OUTLINE: We will start from a general form for an element of $SO(3)$ then we'll consider all the curves passing from the identity and we will derive effectively the tangent space in the identity. We'll find a base and that will be the Lie Algebra. If you exponentiate the tangent vector at the tangent space at the identity you'll get newly the element of the Lie Group $SO(3)$
Let's suppose that you know that every rotation can be seen as a rotation of an angle $\theta$ around a vector $\mathbf{v}=x\mathbf{e_x}+y\mathbf{e_y}+z\mathbf{e_z}$. 
Then every element of $SO(3)$ can be parametrized as
$$R_{\mathbf{v}}\left(\theta\right)=\mathbb{1}+\sin\theta X+\left(1-\cos\theta\right)X^{2},$$ where $X$ is this matrix
$$X=\left(\begin{array}{ccc}
0 & -z & y\\
z & 0 & -x\\
-y & x & 0
\end{array}\right).$$
If you're smart you already understood that I'm cheating (because this parametrization of $SO(3)$ is already a sort of exponential... but let's continue... 

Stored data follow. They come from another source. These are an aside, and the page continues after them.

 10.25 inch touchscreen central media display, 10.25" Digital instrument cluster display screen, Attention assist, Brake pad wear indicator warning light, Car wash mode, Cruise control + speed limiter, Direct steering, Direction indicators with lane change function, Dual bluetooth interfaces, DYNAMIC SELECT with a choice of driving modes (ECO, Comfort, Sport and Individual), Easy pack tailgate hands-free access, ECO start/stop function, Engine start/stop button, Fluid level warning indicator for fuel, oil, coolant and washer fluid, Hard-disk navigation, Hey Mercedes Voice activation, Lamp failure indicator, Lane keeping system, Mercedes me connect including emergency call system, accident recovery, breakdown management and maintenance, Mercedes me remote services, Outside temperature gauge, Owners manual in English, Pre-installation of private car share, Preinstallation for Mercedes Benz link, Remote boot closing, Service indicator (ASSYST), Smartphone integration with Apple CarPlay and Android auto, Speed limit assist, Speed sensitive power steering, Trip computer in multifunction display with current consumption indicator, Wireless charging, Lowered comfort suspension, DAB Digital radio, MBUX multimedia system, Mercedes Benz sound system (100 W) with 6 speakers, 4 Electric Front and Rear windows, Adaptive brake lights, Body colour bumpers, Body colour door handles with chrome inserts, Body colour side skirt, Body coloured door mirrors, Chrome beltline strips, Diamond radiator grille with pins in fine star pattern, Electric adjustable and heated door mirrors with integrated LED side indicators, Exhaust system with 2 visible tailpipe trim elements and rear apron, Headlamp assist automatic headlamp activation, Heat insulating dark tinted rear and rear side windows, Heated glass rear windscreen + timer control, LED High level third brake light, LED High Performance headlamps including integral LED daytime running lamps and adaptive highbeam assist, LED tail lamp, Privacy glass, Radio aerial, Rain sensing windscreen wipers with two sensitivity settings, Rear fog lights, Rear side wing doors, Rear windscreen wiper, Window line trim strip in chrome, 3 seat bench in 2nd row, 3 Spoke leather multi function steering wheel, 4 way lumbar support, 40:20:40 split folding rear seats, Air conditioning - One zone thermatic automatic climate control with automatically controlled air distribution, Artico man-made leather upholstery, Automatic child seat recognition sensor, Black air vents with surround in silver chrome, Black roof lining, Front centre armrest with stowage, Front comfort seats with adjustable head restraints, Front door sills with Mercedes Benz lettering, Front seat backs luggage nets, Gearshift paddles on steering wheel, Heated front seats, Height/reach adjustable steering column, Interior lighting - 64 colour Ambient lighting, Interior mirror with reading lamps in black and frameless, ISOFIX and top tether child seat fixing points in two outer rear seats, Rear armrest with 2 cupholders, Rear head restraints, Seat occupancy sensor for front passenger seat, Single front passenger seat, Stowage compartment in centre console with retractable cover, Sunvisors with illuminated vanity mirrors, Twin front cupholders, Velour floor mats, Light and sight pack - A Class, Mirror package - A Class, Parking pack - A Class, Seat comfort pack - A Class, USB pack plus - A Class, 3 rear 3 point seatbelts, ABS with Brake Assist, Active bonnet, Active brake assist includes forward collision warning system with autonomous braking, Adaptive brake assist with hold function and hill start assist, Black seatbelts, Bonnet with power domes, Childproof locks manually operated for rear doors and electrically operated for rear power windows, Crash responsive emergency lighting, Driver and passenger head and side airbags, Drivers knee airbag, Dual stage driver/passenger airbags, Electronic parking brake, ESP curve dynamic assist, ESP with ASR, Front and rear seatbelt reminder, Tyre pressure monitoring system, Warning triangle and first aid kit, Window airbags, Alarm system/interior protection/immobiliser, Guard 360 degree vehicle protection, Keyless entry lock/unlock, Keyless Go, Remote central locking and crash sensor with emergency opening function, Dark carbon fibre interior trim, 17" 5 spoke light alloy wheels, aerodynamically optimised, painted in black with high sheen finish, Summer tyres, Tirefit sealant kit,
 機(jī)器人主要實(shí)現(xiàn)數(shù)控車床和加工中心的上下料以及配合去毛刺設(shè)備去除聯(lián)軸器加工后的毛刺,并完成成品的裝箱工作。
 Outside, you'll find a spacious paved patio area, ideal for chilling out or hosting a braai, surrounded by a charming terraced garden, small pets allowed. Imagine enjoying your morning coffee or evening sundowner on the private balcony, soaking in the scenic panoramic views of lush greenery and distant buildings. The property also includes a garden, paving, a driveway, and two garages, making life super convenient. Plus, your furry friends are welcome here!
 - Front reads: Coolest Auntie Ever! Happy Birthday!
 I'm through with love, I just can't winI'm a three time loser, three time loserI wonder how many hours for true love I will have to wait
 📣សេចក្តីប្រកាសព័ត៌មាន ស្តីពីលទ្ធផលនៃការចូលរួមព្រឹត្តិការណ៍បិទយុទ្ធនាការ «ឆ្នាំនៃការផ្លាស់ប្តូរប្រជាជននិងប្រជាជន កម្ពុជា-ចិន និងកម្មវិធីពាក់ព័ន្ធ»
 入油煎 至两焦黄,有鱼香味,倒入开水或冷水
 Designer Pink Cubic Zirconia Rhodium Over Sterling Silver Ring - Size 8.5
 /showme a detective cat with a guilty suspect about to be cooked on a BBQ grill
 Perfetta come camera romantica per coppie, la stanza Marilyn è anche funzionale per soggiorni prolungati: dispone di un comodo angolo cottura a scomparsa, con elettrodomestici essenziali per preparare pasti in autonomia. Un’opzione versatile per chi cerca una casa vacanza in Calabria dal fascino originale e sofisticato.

So given the parametrization, a general rotation matrix is given by
$$R\left(\theta,\,x,\,y,\,z\right)=\left(\begin{array}{ccc}
x^{2}+\cos\theta\left(y^{2}+z^{2}\right) & \left(1-\cos\theta\right)xy-z\sin\theta & \left(1-\cos\theta\right)xz+y\sin\theta\\
\left(1-\cos\theta\right)xy+z\sin\theta & y^{2}+\cos\theta\left(x^{2}+z^{2}\right) & \left(1-\cos\theta\right)yz-x\sin\theta\\
\left(1-\cos\theta\right)xz-y\sin\theta & \left(1-\cos\theta\right)yz-x\sin\theta & z^{2}+\cos\theta\left(y^{2}+x^{2}\right)
\end{array}\right),$$
Now take a regular curve $\theta\left(t\right)$ such that $\theta\left(0\right)=0$ and let $\mathbf{v}$ be a vector $\mathbb{R}^{3}$ with coordinates $\left(x,\,y,\,z\right)$. The tangent vector of the curve is then given by 
$$\frac{d}{dt}R_{\mathbf{v}}\left(\theta\right)=\left(\begin{array}{ccc}
-\left(y^{2}+z^{2}\right)\sin\theta & xy\sin\theta-z\cos\theta & xz\sin\theta+y\cos\theta\\
xy\sin\theta+z\cos\theta & -\left(x^{2}+z^{2}\right)\sin\theta & yz\sin\theta-x\cos\theta\\
xz\sin\theta-y\cos\theta & yz\sin\theta+x\cos\theta & -\left(y^{2}+x^{2}\right)\sin\theta
\end{array}\right)\cdot\dot{\theta}\left(t\right)$$.
Then in $t=0$
$$\frac{d}{dt}R_{\mathbf{v}}\left(\theta\right)|_{t=0}=\left(\begin{array}{ccc}
0 & -z & y\\
z & 0 & -x\\
-y & x & 0
\end{array}\right)\cdot\dot{\theta}\left(t\right).$$
So let's now consider the axis $\mathbf{x}=\left(1,\,0,\,0\right)$,
$\mathbf{y}=\left(0,\,1,\,0\right)$ and $\mathbf{z}=\left(0,\,0,\,1\right)$
Then you have
$$ E_{1}=\frac{d}{dt}R_{\mathbf{x}}\left(\theta\right)|_{t=0} =\left(\begin{array}{ccc}
0 & 0 & 0\\
0 & 0 & -1\\
0 & 1 & 0
\end{array}\right)\cdot\dot{\theta}\left(t\right),$$
$$E_{2}=\frac{d}{dt}R_{\mathbf{y}}\left(\theta\right)|_{t=0} =\left(\begin{array}{ccc}
0 & 0 & 1\\
0 & 0 & 0\\
-1 & 0 & 0
\end{array}\right)\cdot\dot{\theta}\left(t\right),$$
$$E_{3}=\frac{d}{dt}R_{z}\left(\theta\right)|_{t=0} =\left(\begin{array}{ccc}
0 & -1 & 0\\
1 & 0 & 0\\
0 & 0 & 0
\end{array}\right)\cdot\dot{\theta}\left(t\right).$$
Then you have a base for the Lie Algebra of $SO(3)$ and a general vector $X$ in the tangent space of $SO(3)$ at the identity can be written as
$$X=xE_{1}+yE_{2}+zE_{3},$$
 If you exponentiate the general vector of the Lie Algebra you get the general rotation in the exponential form 
$$R_{\mathbf{v}}\left(\theta\right)=\exp\left[\theta X\right],$$ with
$$X=\left(\begin{array}{ccc}
0 & -z & y\\
z & 0 & -x\\
-y & x & 0
\end{array}\right)$$
which in fact was the parametrization we were starting from. Hope gave you some hints on how to proceed. The other classic and more easy way to proceed it's just to do a taylor expansion, but I think this one it really explicit.